Is there a set formula for this, or it depends?

# How many clusters are enough in k-means clustering?

**shubham47**#3

dataset = read.csv(‘Mall_Customers.csv’)

dataset = dataset[4:5]

set.seed(6)

wcss = vector()

for (i in 1:10) wcss[i] = sum(kmeans(dataset, i)$withinss)

plot(1:10,

wcss,

type = ‘b’,

main = paste(‘The Elbow Method’),

xlab = ‘Number of clusters’,

ylab = ‘WCSS’)

Plot the WCSS(Within Cluster Sum Of Squares) graph, and see at which point the Graph descends gradually, that point will be the K.

this is also knows as the Elbow method.

**perfectidiot**#4

Although I am not that much expert, I think you need to go for ‘Elbow’ method. In this method, you plot k vs SSE and then choose k at which SSE decrease abruptly.
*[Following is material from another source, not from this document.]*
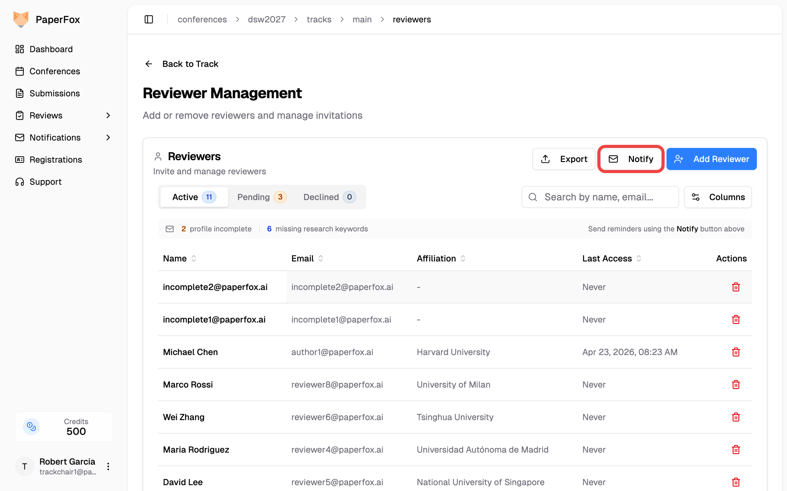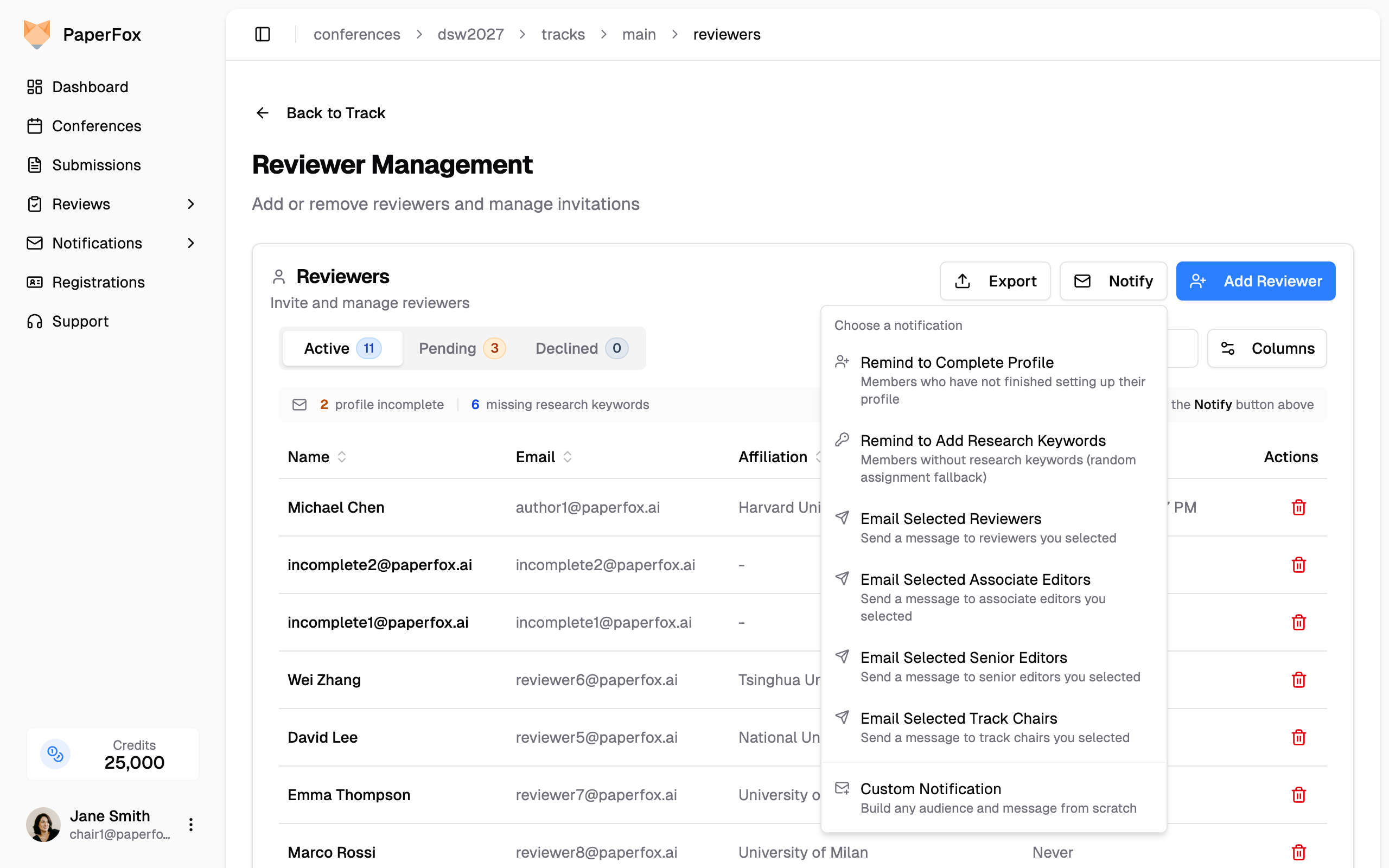 | Remind to Complete Profile | Reviewers who accepted their invitation but haven't completed their PaperFox profile (name, affiliation, etc.) |

Sometimes k = \sqrt{n/2} also being used, where n is the number of data points.

Remember ‘Elbow’ method doesn’t work always. There may be more than one or no elbow at all, but have a try. You may also try Average Silhouette Method

**PulkitS**#5

Hi @p22 ,

In K-means, each cluster has its own centroid. Sum of square of difference between centroid and the data points within a cluster constitutes within sum of square value for that cluster. When the sum of square values for all the clusters are added, it becomes total within sum of square value for the cluster solution.

As the number of cluster increases, this value keeps on decreasing but if you plot the result you may see that the sum of squared distance decreases sharply up to some value of k, and then much more slowly after that.

Here, we can find the optimum number of cluster.